First, this not not based on anything but my personal expectations. I,e, my crystal ball is, and has always been, in the shop, because it NEVER works. In it's place I have to use some logic.
No gauarantee things will work this way, but it just makes sense that they would.

First, everyone wants to know the graphic that the recovery will have. Hockey stick, "V", 'U", "W. Well, I have to describe it for you. To do that, you have to envision the trip down as something like falling off of a cliff. It was a dramatic fall, and let's say, the parchute failed to open, until very late. By some miracle, before you perished, the shoot did open, and you caught an immediate updraught. It did not take you to near the height you were, but you recovered enough to know, you need to clean your drawers. To this point, we can call it a somewhat "v" shaped recovery, but it has in fact, not recovered. And, it will not, for some time yet. But, if riding air draughts is your thing, you might understands some of the rest of this too.
While we toil between the thrill of the ride, and the need for clean drawers, and counting our blessings for still being alive, we ride to a shortened upside of the "V" recovery (about present time), and take a dip in a "U" shaped fashion. Well, since we had a great fall already, the left side of this "U" is not as great as the right side will be. And, the bottom of the "U" would last maybe 6-9 months. So, by mid-2010, we may be about where we are right now. I can clearly see the DOW to once again flirt with 9200, or lower, and I can see a Dow of 10,000 being surpassed in just over a year. Actually, expect a Dow of 11,500 or better by 2nd quarter 2011.

Ok, it get's fuzzy from here. So far, is pure REASONING. It dropped too far too quick. It recovered too quick, and adjusted. It has not accounted for one thing. TIME. In time, cost go up.
Make that stock prices go up. And to this end, I expect to see a fairly steep rise in the right side of the "U" that followed the small 'v''. By the end of 2011, I expect to see gold at near $1100 an ounce. It will be in range with the other stock price rises, and maybe even slightly less, on a percentage basis. By the end of 2011, I expect to see $90 barrel oil, consistently.
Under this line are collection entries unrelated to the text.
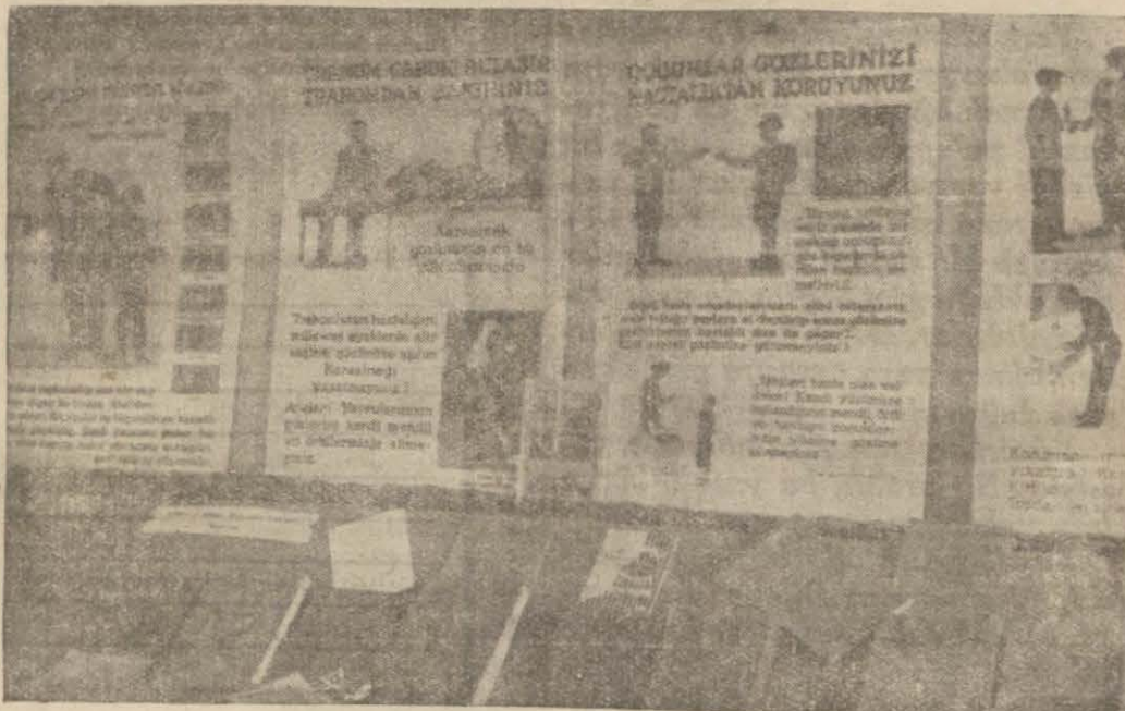
Sergide teşhir edilen eserlerden bazıları
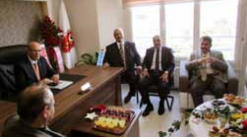
• BALIKESİR VHO AÇILIŞI
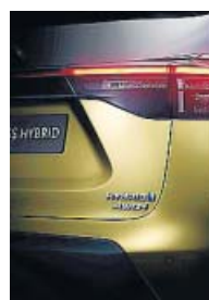
Detalle de la trasera, con la firma 'Hybrid' y de la tracción total inteligente 'AWD-i'.

My questions come from the end of 2011 to early 2012. So let me make a definition here. A recession, is a time of hardship, for BANKS. Nothing more, nothing less. Granted, struggling economies can put tight reins on banks. I do see dips on banks throughout 2010 and 2011.
But there is a new concern by 2012. Banks are simply too far over-valued. And I see that sector getting SLAMMED. But, unlike other recessions, caused by banks, this one is different. The market as a whole, goes forward. And, by mid 2012, the Dow is tettering near 12,000. As it shakes off the damage banks try to do, by second quarter 2013, the Dow is pushing 13,500.

To do this takes some great awakening. Somewhere, somehow, people have to "wake up". Enough to realize, that if you let computers rule your life, they will. Goldman's, JP Morgan's, B of A's, Merrill's, they all have "TOYS", to ruin your world,,, forever. Hopefully, by then, people will realize, we can live without those "programs" quite adequately.

Yes, there is some financial pain in the mean time. When, and if we get past that, there is a growth side to push Dow to over 14000, by the end of 2013, with more upside potential beyond that. Dow of 16,000 not out of the question by 2015,,, if you do something to STOP the computers from ruling your world.

A computer is a tool. Nothing more. Take a serious look at a movie called "War Games", and then apply that to the market. Global Nuclear Financial War? No, thank you. How about a nice game of Chess?

I will not be easy, but we can get there. We have to put reins on some of the top players, and the market can soar.